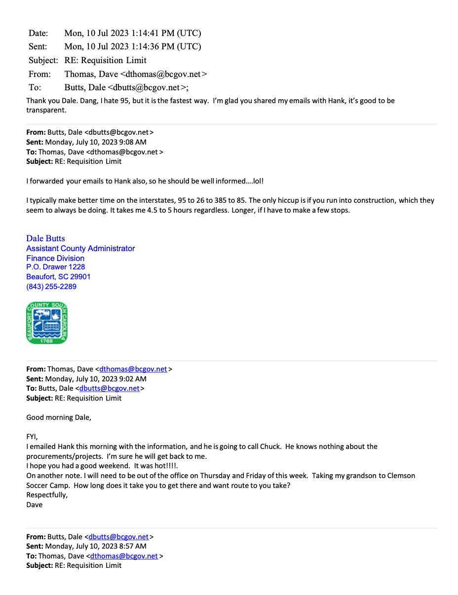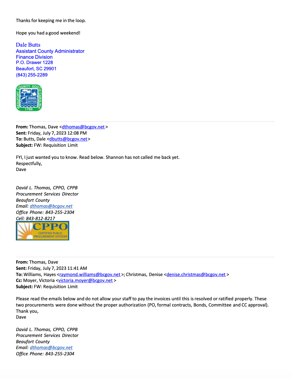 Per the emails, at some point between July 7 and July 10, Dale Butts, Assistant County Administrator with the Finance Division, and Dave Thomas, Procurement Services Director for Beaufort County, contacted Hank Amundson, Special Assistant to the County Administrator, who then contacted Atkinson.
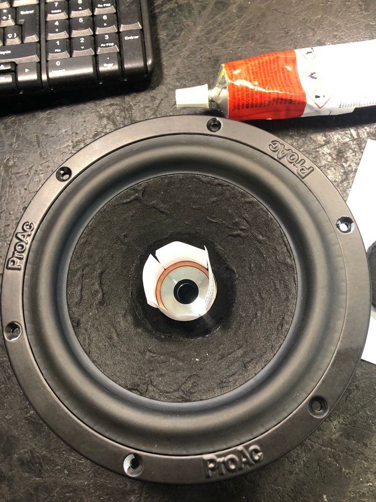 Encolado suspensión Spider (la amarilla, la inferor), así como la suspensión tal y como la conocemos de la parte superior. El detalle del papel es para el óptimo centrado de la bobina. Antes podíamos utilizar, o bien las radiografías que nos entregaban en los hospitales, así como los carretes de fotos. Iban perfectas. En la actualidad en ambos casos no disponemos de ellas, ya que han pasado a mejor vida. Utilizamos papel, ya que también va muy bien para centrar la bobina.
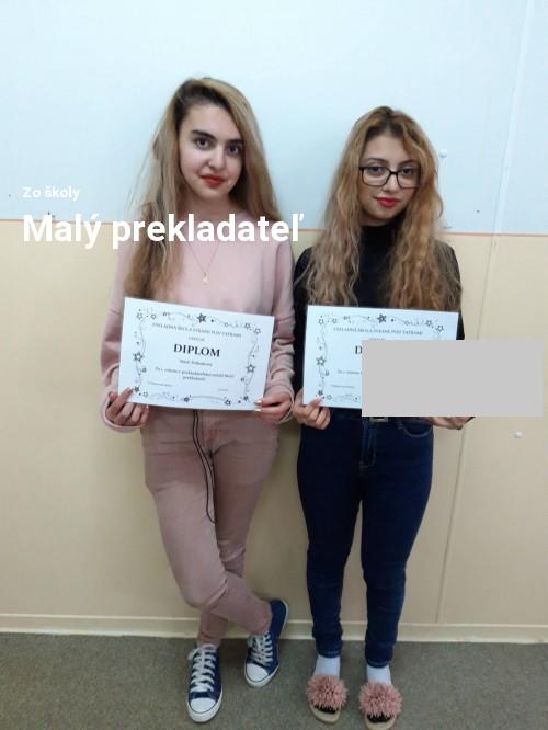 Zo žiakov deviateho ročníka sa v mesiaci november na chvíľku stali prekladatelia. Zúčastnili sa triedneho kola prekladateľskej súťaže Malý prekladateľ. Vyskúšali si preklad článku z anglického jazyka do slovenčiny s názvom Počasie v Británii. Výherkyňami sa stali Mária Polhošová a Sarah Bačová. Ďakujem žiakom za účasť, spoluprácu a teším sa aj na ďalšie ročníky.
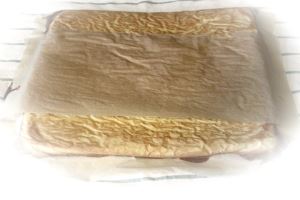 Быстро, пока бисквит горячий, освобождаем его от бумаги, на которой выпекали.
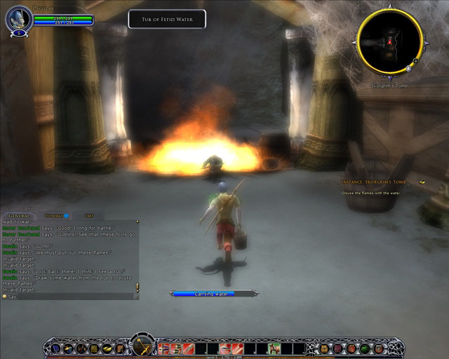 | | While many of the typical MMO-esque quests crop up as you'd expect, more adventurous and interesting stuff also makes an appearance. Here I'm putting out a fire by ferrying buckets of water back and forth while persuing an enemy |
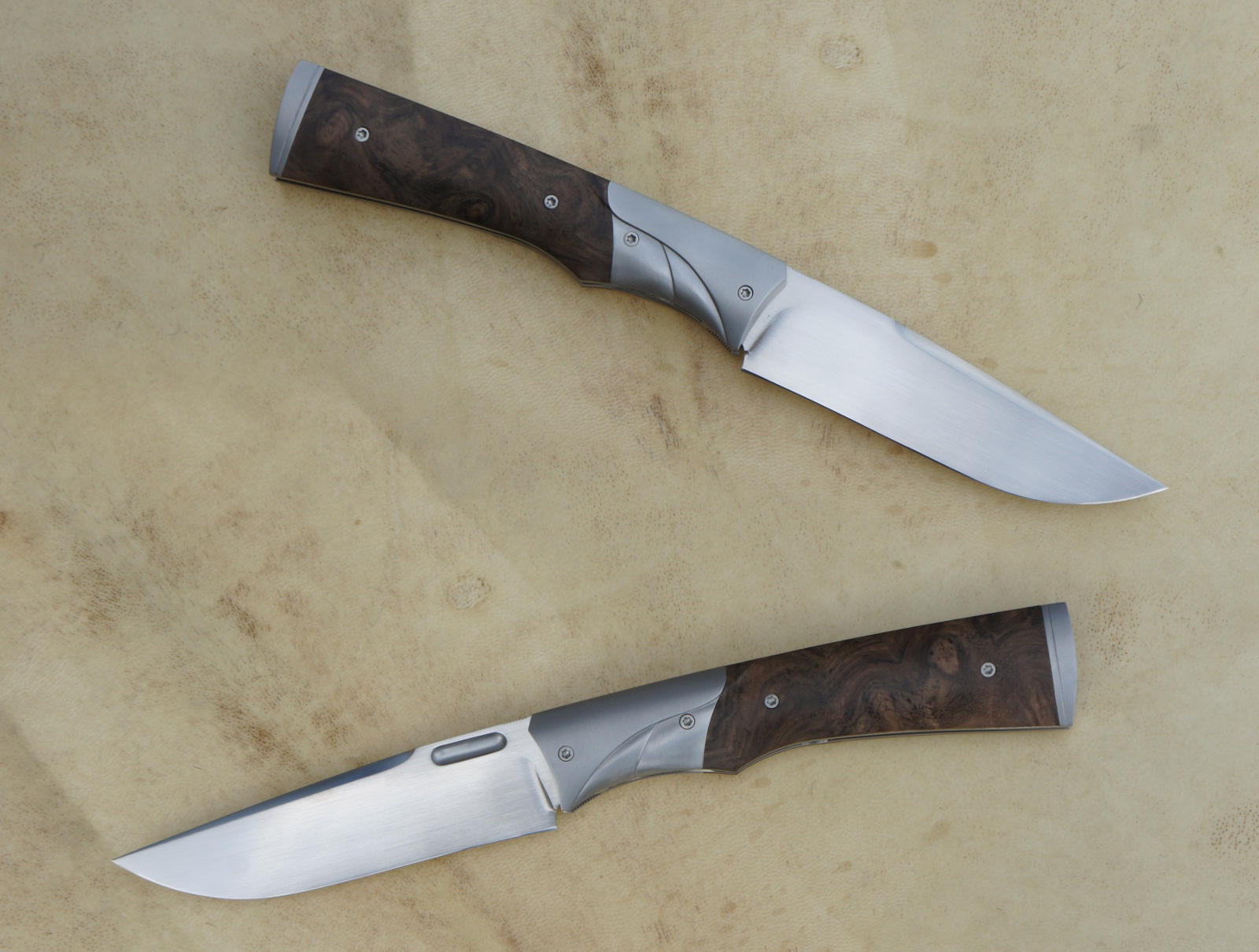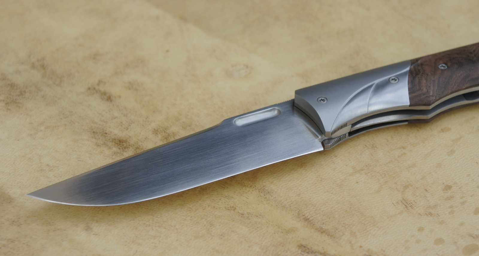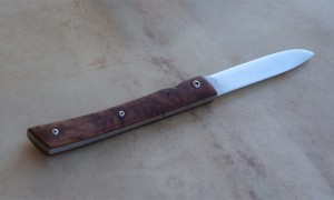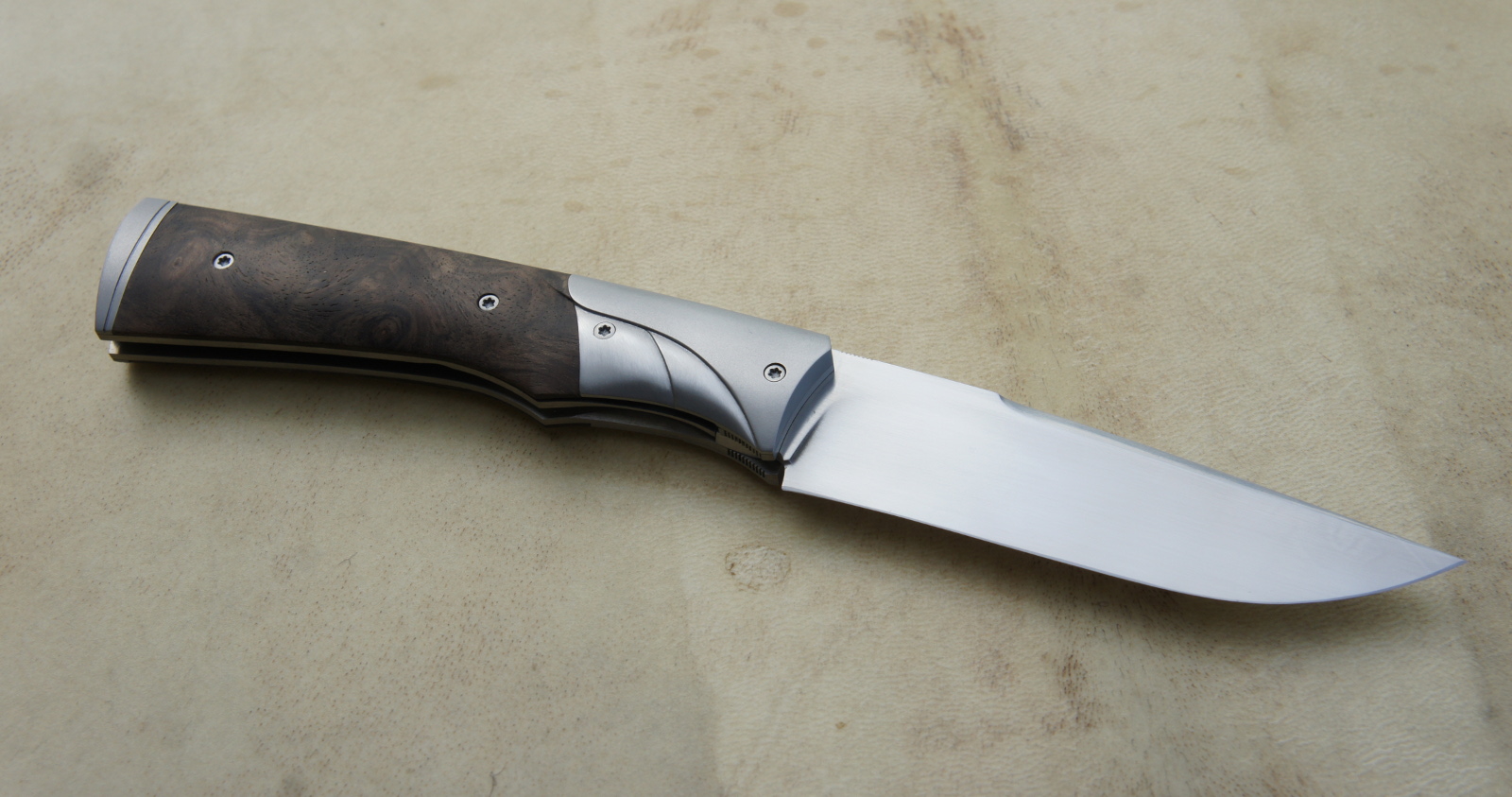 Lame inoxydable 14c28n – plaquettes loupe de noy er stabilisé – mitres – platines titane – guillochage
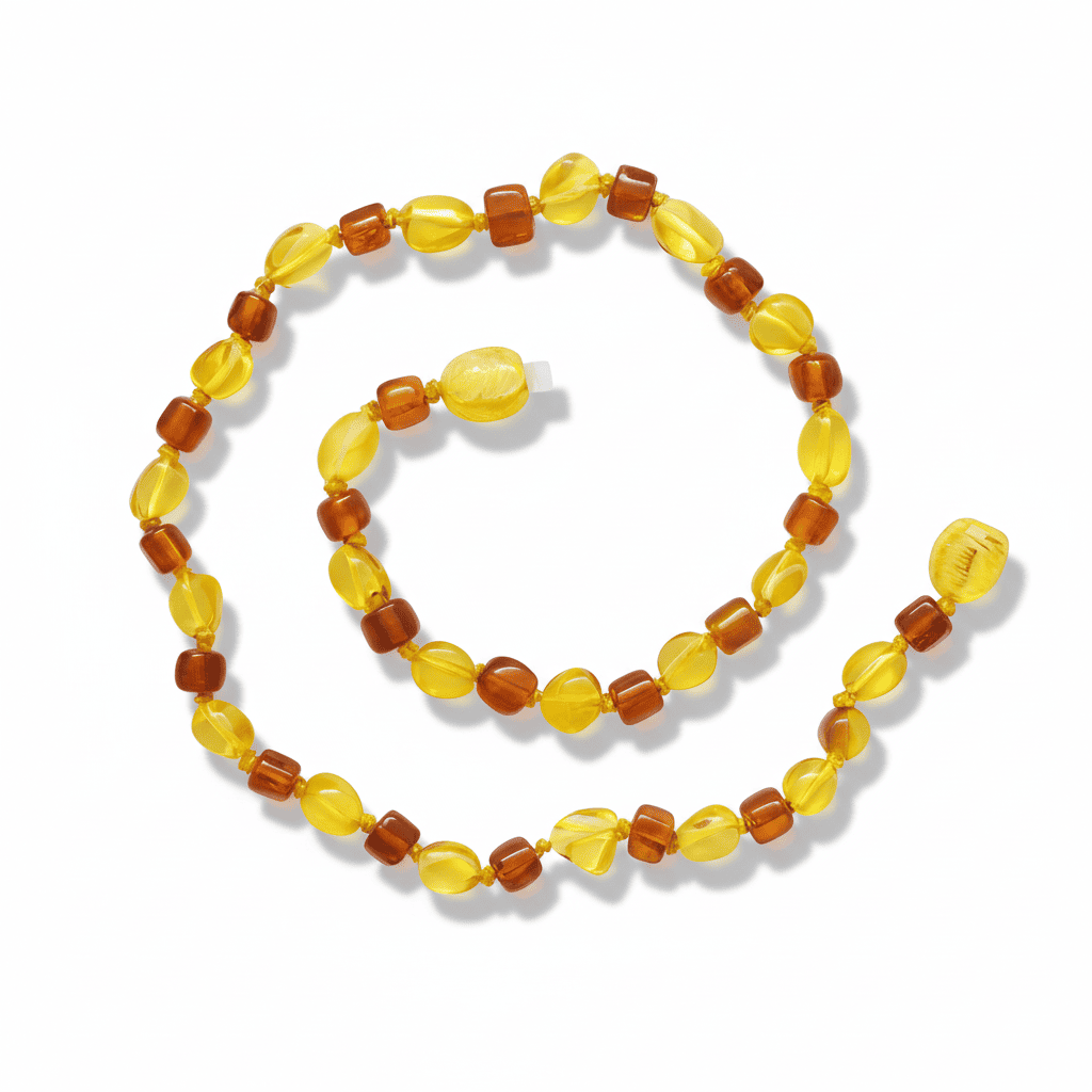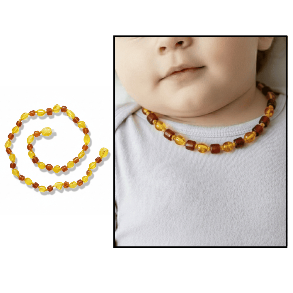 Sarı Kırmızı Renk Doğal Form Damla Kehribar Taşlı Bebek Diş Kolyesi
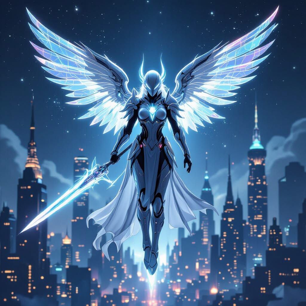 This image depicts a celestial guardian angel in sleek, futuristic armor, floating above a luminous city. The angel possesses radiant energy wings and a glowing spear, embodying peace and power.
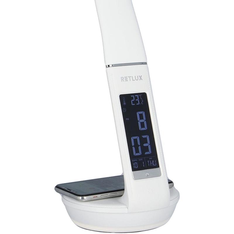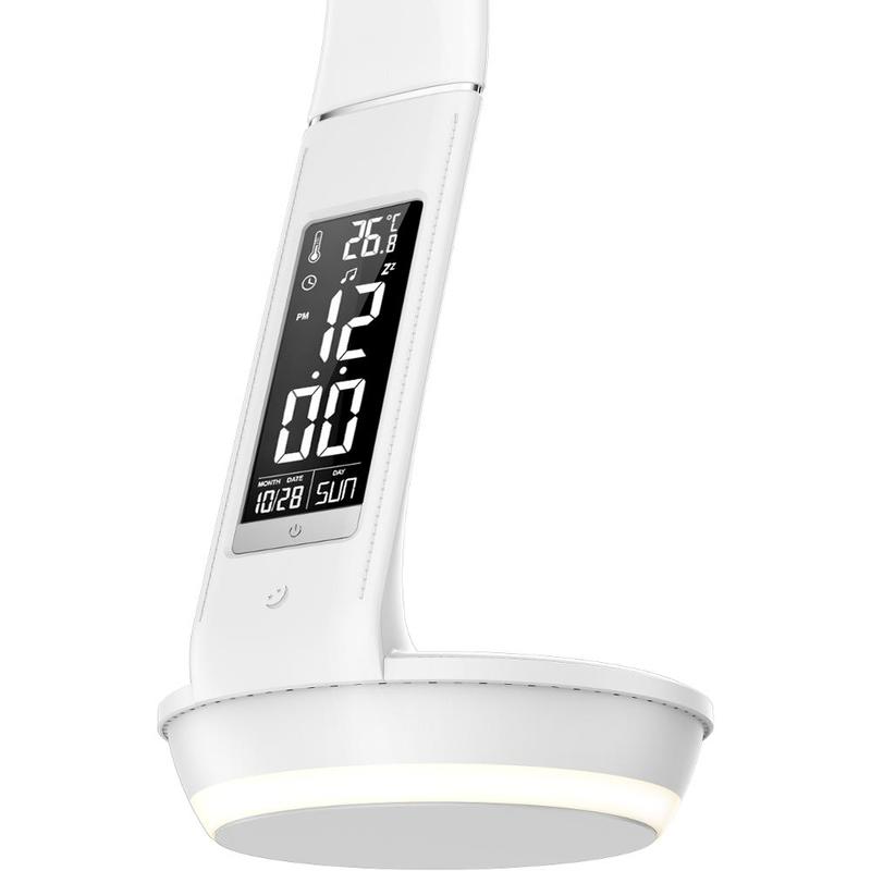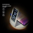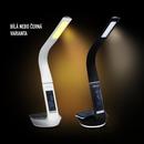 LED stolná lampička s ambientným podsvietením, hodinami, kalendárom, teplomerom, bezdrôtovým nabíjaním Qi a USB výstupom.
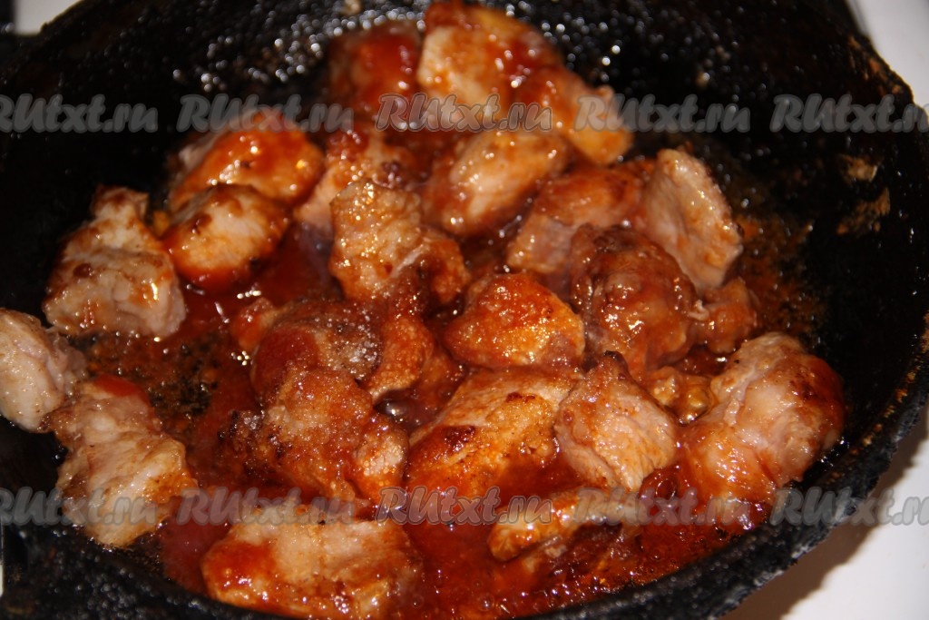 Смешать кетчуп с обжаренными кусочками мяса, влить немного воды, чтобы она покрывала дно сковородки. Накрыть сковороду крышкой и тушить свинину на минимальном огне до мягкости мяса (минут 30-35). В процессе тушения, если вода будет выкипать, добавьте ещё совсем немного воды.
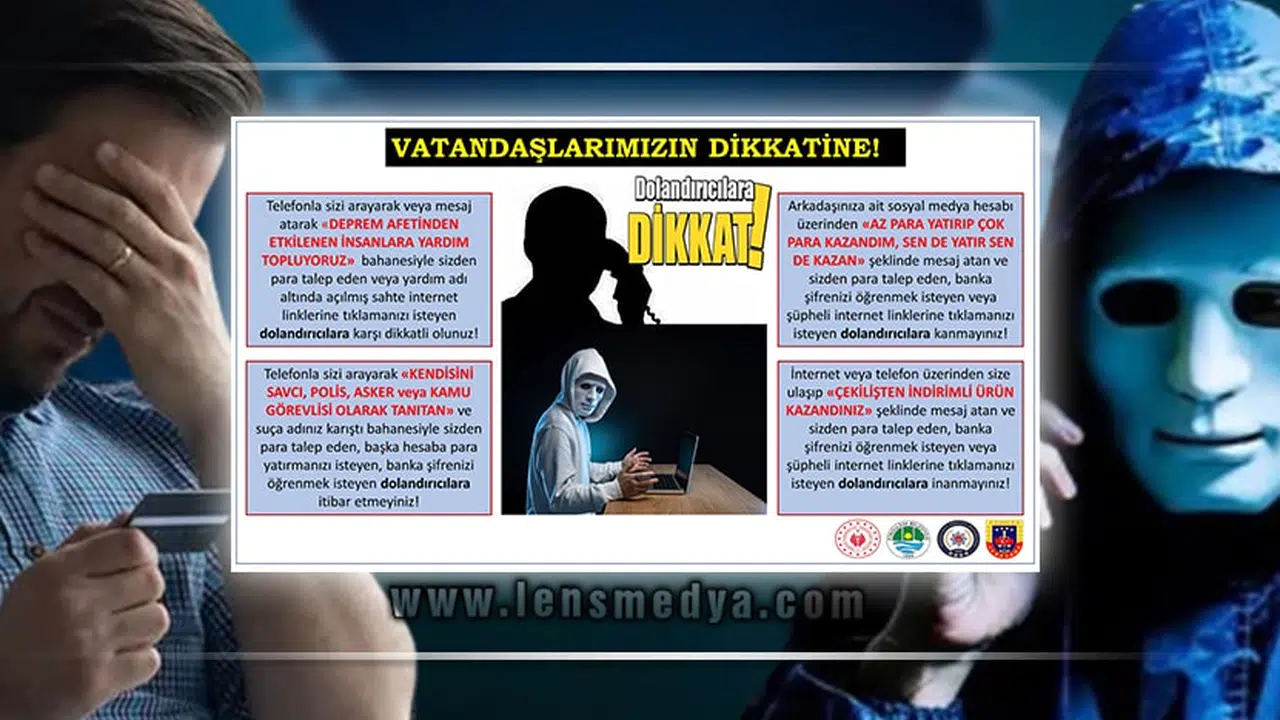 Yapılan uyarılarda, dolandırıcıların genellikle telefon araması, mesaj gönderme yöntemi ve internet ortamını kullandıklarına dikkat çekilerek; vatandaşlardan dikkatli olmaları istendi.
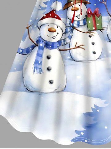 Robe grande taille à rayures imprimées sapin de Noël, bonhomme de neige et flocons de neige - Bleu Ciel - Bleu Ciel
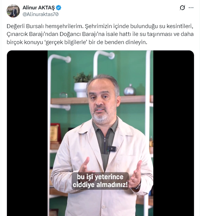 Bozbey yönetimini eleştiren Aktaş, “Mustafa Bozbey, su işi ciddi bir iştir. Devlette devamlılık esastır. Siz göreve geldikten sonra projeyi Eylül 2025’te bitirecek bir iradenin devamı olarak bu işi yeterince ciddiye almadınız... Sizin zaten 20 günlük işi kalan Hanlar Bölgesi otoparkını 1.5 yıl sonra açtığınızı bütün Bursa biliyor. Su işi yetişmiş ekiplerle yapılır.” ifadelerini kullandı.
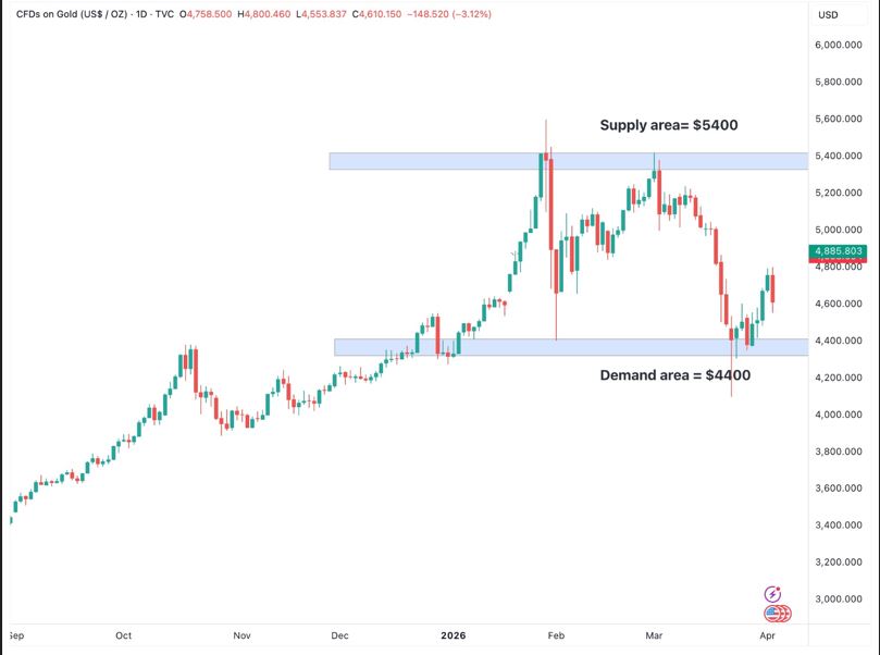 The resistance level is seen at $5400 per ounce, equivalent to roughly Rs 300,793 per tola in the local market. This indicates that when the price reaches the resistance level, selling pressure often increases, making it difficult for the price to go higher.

_ _ _ _ _ _ _

→ TRY IT:
Print the lines from the beginning of the records up to and including the line containing "Encolado suspensión Spider", word for word, with no pictures.

→ WRITTEN ANSWER:
 Per the emails, at some point between July 7 and July 10, Dale Butts, Assistant County Administrator with the Finance Division, and Dave Thomas, Procurement Services Director for Beaufort County, contacted Hank Amundson, Special Assistant to the County Administrator, who then contacted Atkinson.
 Encolado suspensión Spider (la amarilla, la inferor), así como la suspensión tal y como la conocemos de la parte superior. El detalle del papel es para el óptimo centrado de la bobina. Antes podíamos utilizar, o bien las radiografías que nos entregaban en los hospitales, así como los carretes de fotos. Iban perfectas. En la actualidad en ambos casos no disponemos de ellas, ya que han pasado a mejor vida. Utilizamos papel, ya que también va muy bien para centrar la bobina.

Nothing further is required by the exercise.